If you look at his fruit and rhubarb charts, yes each curve has different ordinate to co-ordinate scales but the shapes of the curves are very similar and if we had the rest of the year data, they might be identical! Different in scale but identical in shape. And that is what the country to country COVID-19 analysis is all about – the characteristics not the scale. No one is saying (from papers I am reading, anyway) for example, that because the peak death rate in country A is X, country B should have the same rate. Or, because in country C it was 8 weeks between start of cases to peak it must be 8 weeks in country D. The five/six reasons he lists put pay to that.
I do not think analysts of value are doing this sort of comparison as he is suggesting between countries with the COVID-19 data – the mainstream media might but I am trying to avoid those so cannot say for sure.
But the shapes of the curves are useful and comparing countries is useful. Let me give two examples.
Sweden have chosen a very different approach to full lockdown. So here is a question: has that choice made a difference to outcomes. There is not another Sweden that chose another route with which to perform a direct comparison and that would be the only true valid comparison, again because of the six reasons he gives: You can only compare the absolute numbers in countries where all other factors are the same. But, here is the statistically important point (and I am going to quote Malcolm Kendrick, who has much discussed mis-use of statistics in medicine): “Association does not prove causation but lack of association does dis-prove causation”.
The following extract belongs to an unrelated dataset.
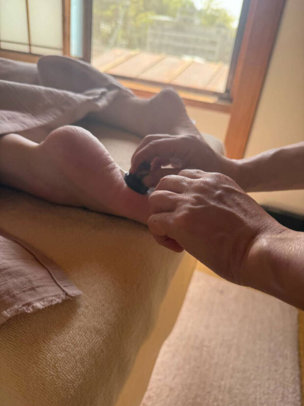 寒い季節に人気のメニューが「チベット温熱オイルセラピー」。高橋さんは岐阜のクリニックや京都で学んだチベット伝統医学をベースに、独自のセラピーを提供しています。
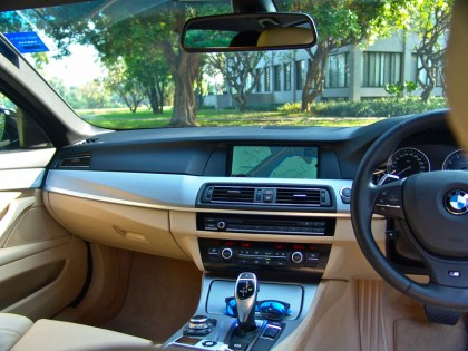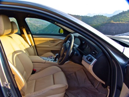 ภายในห้องโดยสารคือ จุดเด่นของ BMW โดยเฉพาะ Series 5 F10 มันดูดีขึ้นกว่ารุ่นเก่าอย่าง E60 คอนโซลออกแบบให้มีความกลมกลืนและโค้งมนมากยิ่งขึ้นเพื่อการใช้งาน โดยมีตำแหน่งคนขับเป็นจุดศูนย์กลางของการใช้อุปกรณ์ คอนโซลเอียงเข้าหาคนขับตามลักษณะของ BMW รูปแบบของคอนโซลในฝั่งคนขับและผู้โดยสารตอนหน้ายังแตกต่างกันด้วยการบุหนัง ให้เฉพาะด้านคนขับ ให้ความรู้สึกที่โอบรัด พลาสติกเกรดดีประดับประดาอยู่ทั่วห้องโดยสาร รวมทั้งงานอัลลอย Aluminum Hexagon คุณภาพสูงในบริเวณแผงประตู มือจับที่เปิดประตู ซุ้มเกียร์ คอนโซลกลางในรุ่น 528i M-Sport ยังคาดกลางด้วยชิ้นงานอัลลอยลายเกล็ดงูที่งดงามประณีต เบาะคู่หน้าปรับด้วยไฟฟ้า พร้อมหน่วยความจำสามระดับ (สำหรับเบาะคนขับ) ส่วนวัสดุพิเศษในรุ่น M Sport Package ประกอบไปด้วยพวงมาลัยสปอร์ต 3 ก้านของ M กาบบันได M ล้ออัลลอย 18 นิ้ว M Double Spoke 350 M และสปอยเลอร์หน้า-หลังทรงเดียวกันกับ BMW M5

So, here is the test: If lockdown made a difference, there would be a difference in the shape of the curves between Sweden and a country that did implement lockdown. BUT even if there were a difference in the shape of the curves, that would not prove that lockdown caused the difference, it could be due to something else that is also different between those two compared countries (again going back to his list of six points). Taking the Kendrick point though, if there was no difference in the curves in the comparison, then you have DIS-proven the theory that lockdown makes a difference. Comparing the curves is useful.
My second exemplar of comparison of shapes of curves is very close to home regarding the COVID-19 reporting in Care Homes. There will be a step change in our data in the next few weeks because of planned changes to testing in Care Homes. The shape of the UK curve will have an extra spike in it. But by performing a country to country comparison of the shapes of the curves will give the UK useful information in how sensitive the curve data is to changes in recording strategy. It does not matter where the vertical and horizontal scales of those comparison curves are, it is the shape and characteristics that are compared.
I could even play along with the author’s example. The rhubarb curve is ‘locally complete’, i.e. whatever is being measured on the vertical axis has pretty much returned to start of year levels within the seven months graphed. The curves for the fruit have not. But, although rhubarb is not a fruit the bits of the curves we have for all three foods have similar characteristics, different scales, but similar proportions. So, it would not be unreasonable to create an hypothesis and make some predictions about the missing bits (later in the year) of the curves for apples and pears. These would be working hypotheses that real data may prove or disprove, but they nonetheless would offer insights that would be missed if the data were ignored.